The manufacturer is in the design phase of installing a large solar photovoltaic system on-site as well.

Regarding renewable energy investments, Bechtold had this to say: “It’s not about the ROI [return on investment] for individual technologies; it’s about acquisition of high-value assets (infrastructure) while achieving a net positive ROI for earning future business based upon our operational efficiency and ability to market our accomplishments.”

Sustainable Manufacturing Supplier Status

Harbec Certifications

The manufacturer has achieved ISO 14001, ISO 50001, and U.S.’ SEP certification.

HARBEC integrates its sustainability choices with its approach to producing its clients’ products. “Many customers come to us with new resins, alternative materials, and complex component designs,” Bechtold said. “We work with them to address those challenges in ways that reduce their waste, optimize their energy and water use, and reduce their environmental impacts.”

For this reason, HARBEC is considered to be a preferred sustainable manufacturing supplier by its key customers.

“We found that our initiatives differentiate our business on the merits of sustainable production where others cannot. Of late this has been of tremendous business value for retaining and earning new business–particularly as natural resources become more constrained, and customers look for a sustainable value from their supply base,” Bechtold said.

Next sustainability goals?
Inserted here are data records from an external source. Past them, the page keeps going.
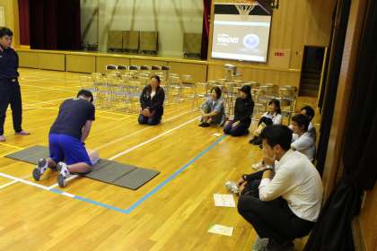 教職員と希望した保護者の方も一緒に研修を受けました。
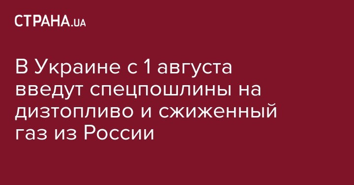 В Украине с 1 августа введут спецпошлины на дизтопливо и сжиженный газ из России
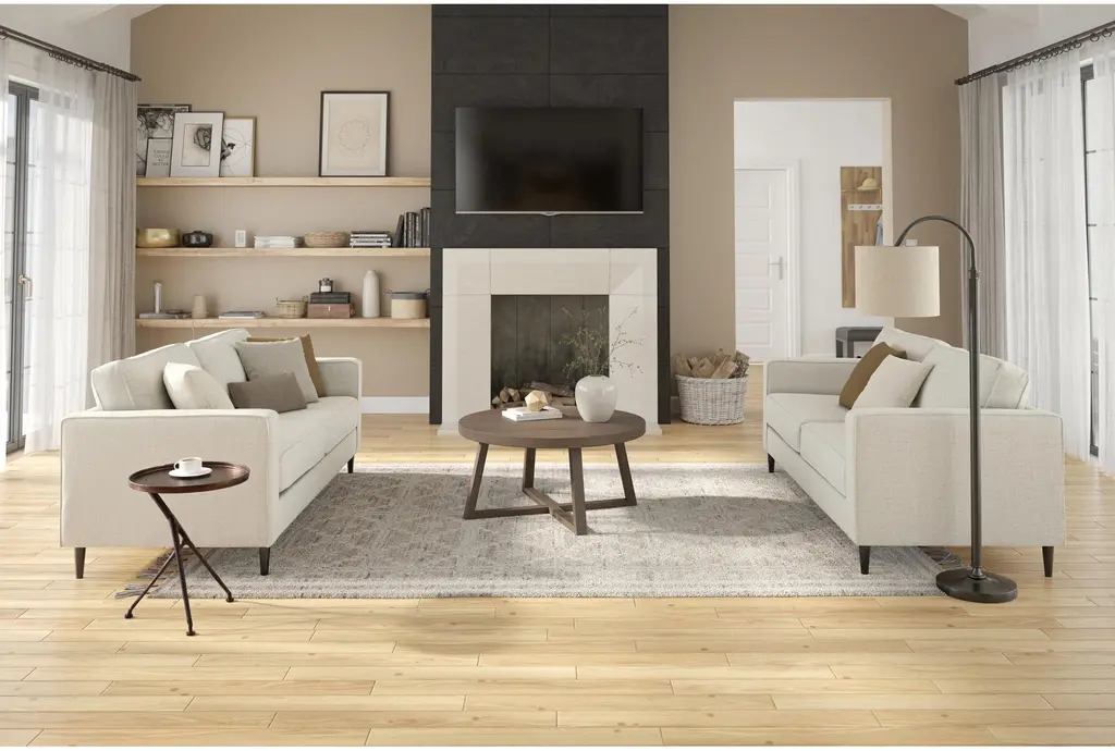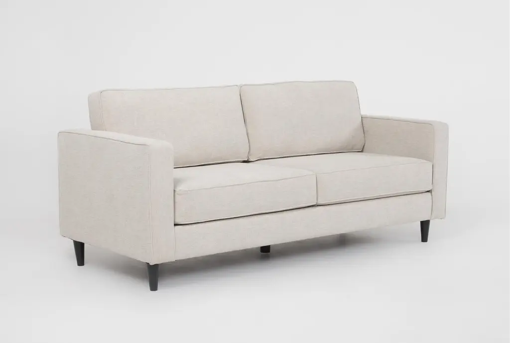 Introducing the Calais III Linen 78" Modern Sofa, designed to bring comfort and style to your living room. With its neutral natural color and modern design, this sofa easily complements any decor. The 100% polyester fabric ensures durability for high-traffic areas, making it a perfect addition to your home.
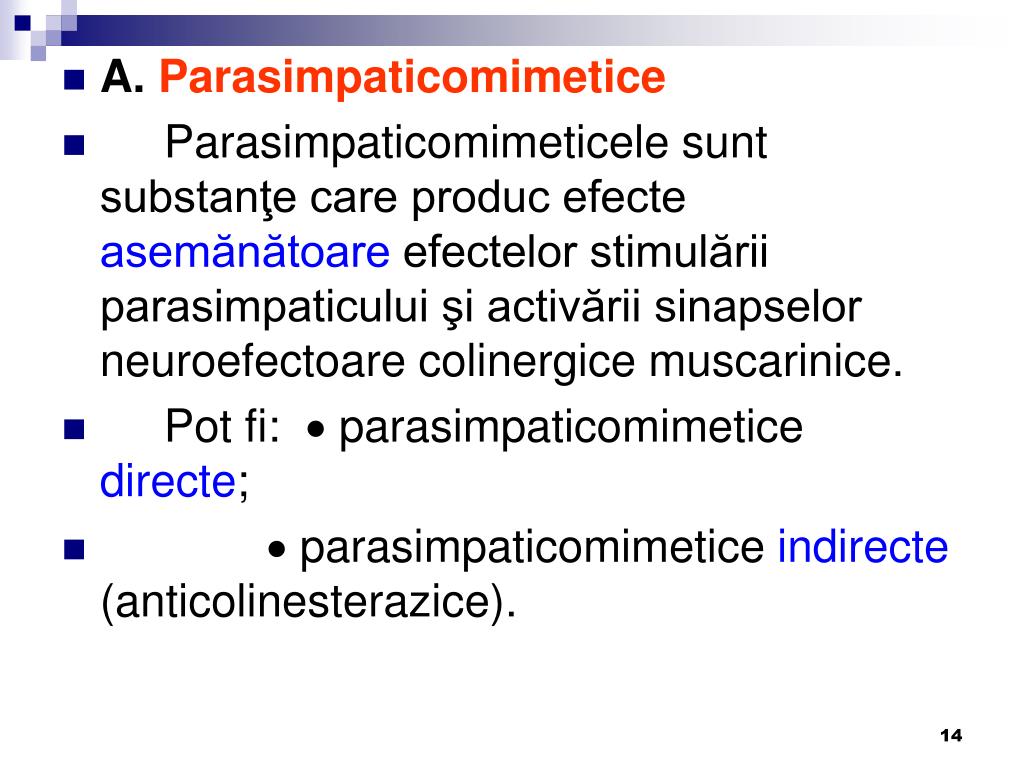 A. Parasimpaticomimetice • Parasimpaticomimeticele sunt substanţe care produc efecte asemănătoare efectelor stimulării parasimpaticului şi activării sinapselor neuroefectoare colinergice muscarinice. • Pot fi: parasimpaticomimetice directe; • parasimpaticomimetice indirecte (anticolinesterazice).
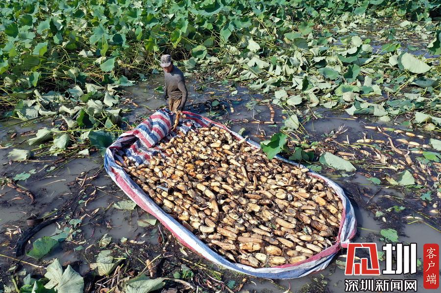相關(guān)鏈接 烈日下的采藕人 每天采摘千斤荷藕
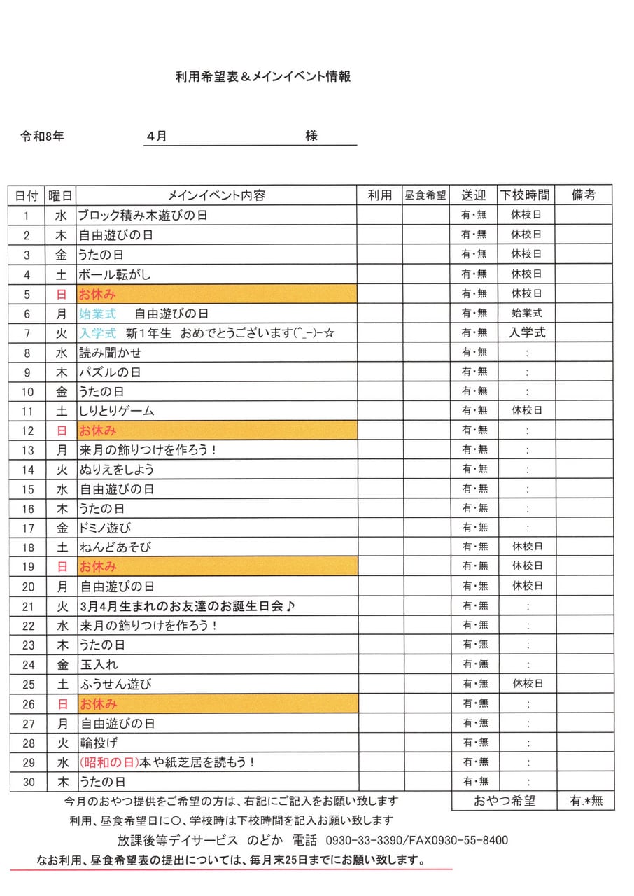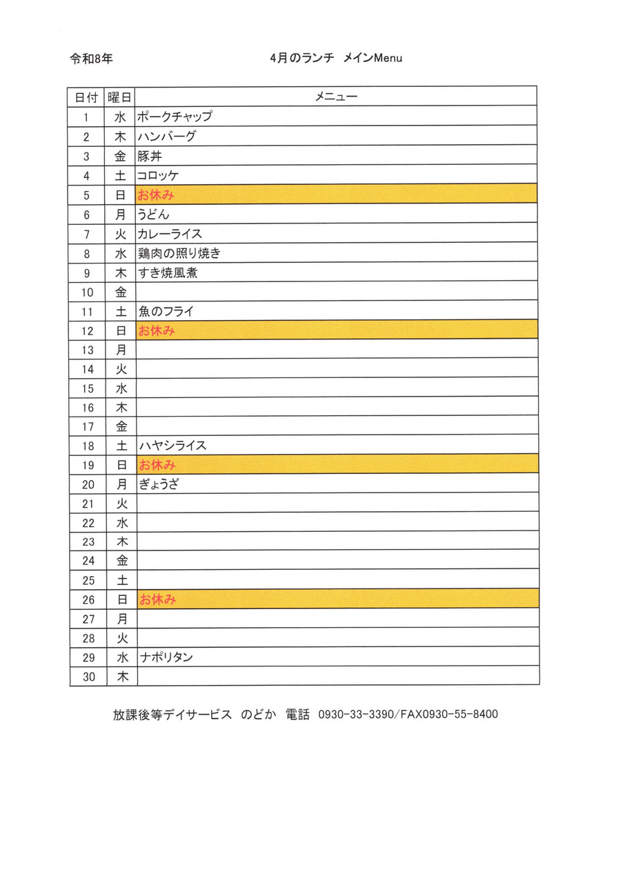 2026年4月 イベントとランチメニュー
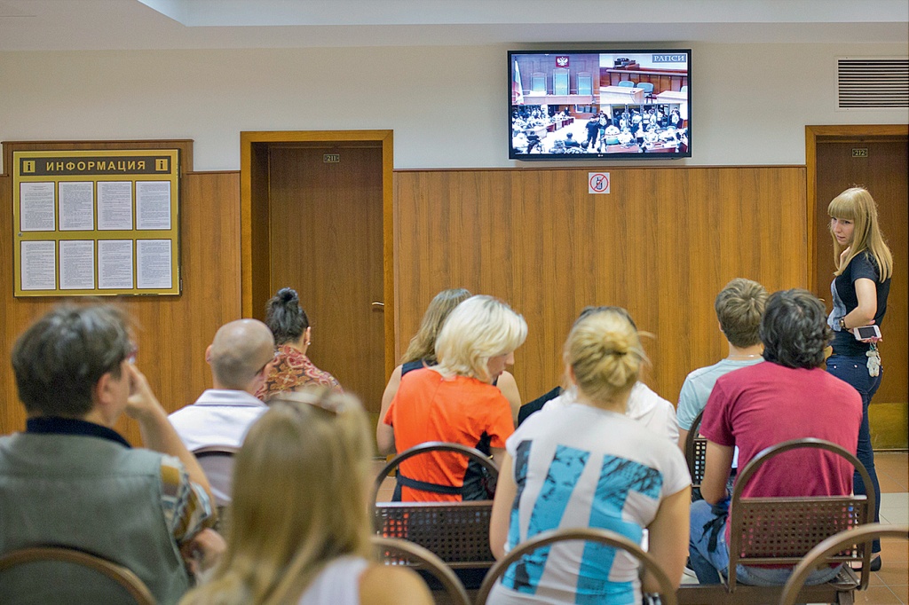 Журналисты, которым не хватило места в зале, следят за процессом по телетрансляции в коридоре суда

The company is working to achieve water neutrality in 2015. The success of this effort will primarily be the result of harvesting rainwater and conditioning, maintaining, and reusing it on-site–only using city water for drinking and hand washing.

As to the well-spring of those sustainability goals, Bechtold admitted they were not all about the huge cost savings and energy control the company has realized.

“The origins of my convictions and efforts come from a sense of responsibility to the future of my children and their children–and the world we will leave them.”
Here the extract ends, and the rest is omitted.